§ ASSIGNMENT
An exact copy of the data is required, with no pictures in it.

EXERCISE DATA START

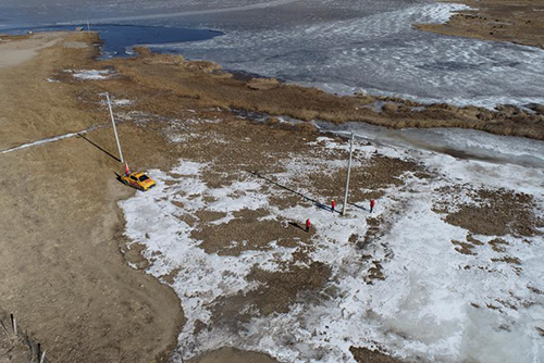 1月28日,炉霍县更知乡,冰冻的卡萨湖畔一架无人机发出嗡嗡的声音。它在输电运检室任庆的操控下,努力克服高原低气压对飞机上升力的影响,沿着湖边的山体一路向上。这些飞手们已完成对炉霍县190千米线路的飞巡,发现隐患缺陷1861处。
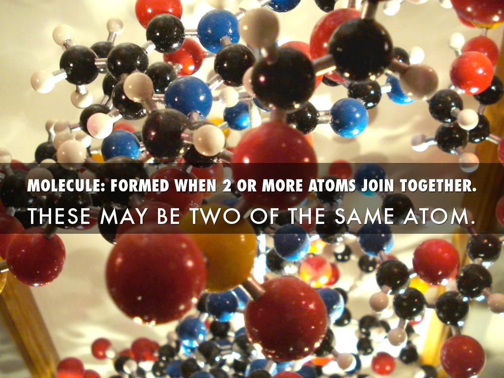 MOLECULE: FORMED WHEN 2 OR MORE ATOMS JOIN TOGETHER.
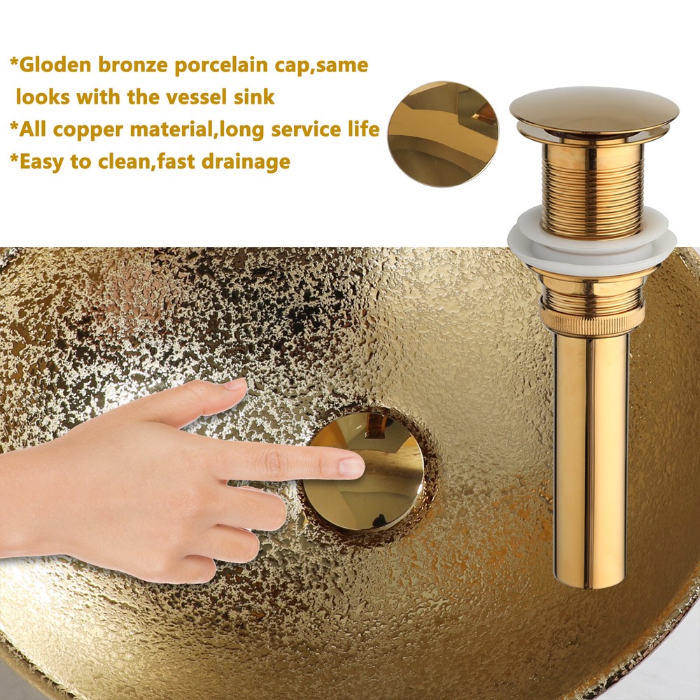 16 Inch Gold Ceramic Vessel Sink Faucet Set with Drain for Bathroom
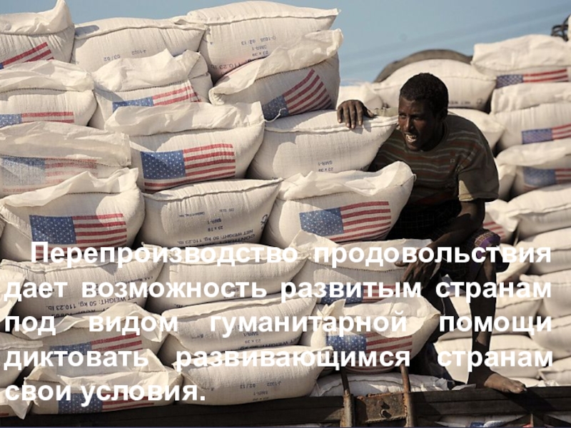 Слайд 8 Перепроизводство продовольствия дает возможность развитым странам под видом гуманитарной помощи

EXERCISE DATA END

§ RESPONSE
 1月28日,炉霍县更知乡,冰冻的卡萨湖畔一架无人机发出嗡嗡的声音。它在输电运检室任庆的操控下,努力克服高原低气压对飞机上升力的影响,沿着湖边的山体一路向上。这些飞手们已完成对炉霍县190千米线路的飞巡,发现隐患缺陷1861处。
 MOLECULE: FORMED WHEN 2 OR MORE ATOMS JOIN TOGETHER.
 16 Inch Gold Ceramic Vessel Sink Faucet Set with Drain for Bathroom
 Слайд 8 Перепроизводство продовольствия дает возможность развитым странам под видом гуманитарной помощи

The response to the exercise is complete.